My read is that search engines are a necessity born of no intrinsic indexing-and-forwarding capability which would render them unnecessary. THAT still has further issues (mostly around trust)...

@freakazoid ... and reputation.

But a mechanism in which:

1. Websites could self-index.
2. Indexes could be shared, aggregated, and forwarded.
4. Search could be distributed.
5. Auditing against false/misleading indexing was supported.
6. Original authorship / first-publication was known

... might disrupt things a tad.

Somewhat more:

NB: the reputation bits might build off social / netgraph models.

But yes, I've been thinking on this.

@enkiv2 I know SEARX is:

Also YaCy as sean mentioned.

There's also something that is/was used for Firefox keyword search, I think OpenSearch, a standard used by multiple sites, pioneered by Amazon.

Being dropped by Firefox BTW.

That provides a query API only, not a distributed index, though.

@freakazoid @drwho

@dredmorbius @enkiv2 @freakazoid YaCy isn't federated, but Searx is, yeah. YaCy is p2p.
@dredmorbius @enkiv2 @freakazoid Also, the initial criticism of the URL system isn't entirely there: the DNS is annoying, but isn't needed for accessing content on the WWW. You can directly navigate to public IP addresses and it works just as well, which allows you to skip the DNS. (You can even get HTTPS certs for IP addresses.)

Still centralized, which is bad, but centralized in a way that you can't really get around in internetworked communications.

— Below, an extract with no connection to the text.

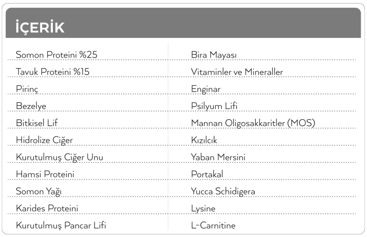 Formülündeki %37 proteinin %75'i somon ve diğer hayvansal kaynaklardan gelir.

@kick HTTP isn't fully DNS-independent. For virtualhosts on the same IP, the webserver distinguishes between content based on the host portion of the HTTP request.

If you request by IP, you'll get only the default / primary host on that IP address.

That's not _necessarily_ operating through DNS, but HTTP remains hostname-aware.

@enkiv2 @freakazoid

@dredmorbius @kick @enkiv2 IP is also worse in many ways than using DNS. If you have to change where you host the content, you can generally at least update your DNS to point at the new IP. But if you use IP and your ISP kicks you off or whatever, you're screwed; all your URLs are new invalid. Dat, IPFS, FreeNet, Tor hidden sites, etc, don't have this issue. I suppose it's still technically a URL in some of these cases, but that's not my point.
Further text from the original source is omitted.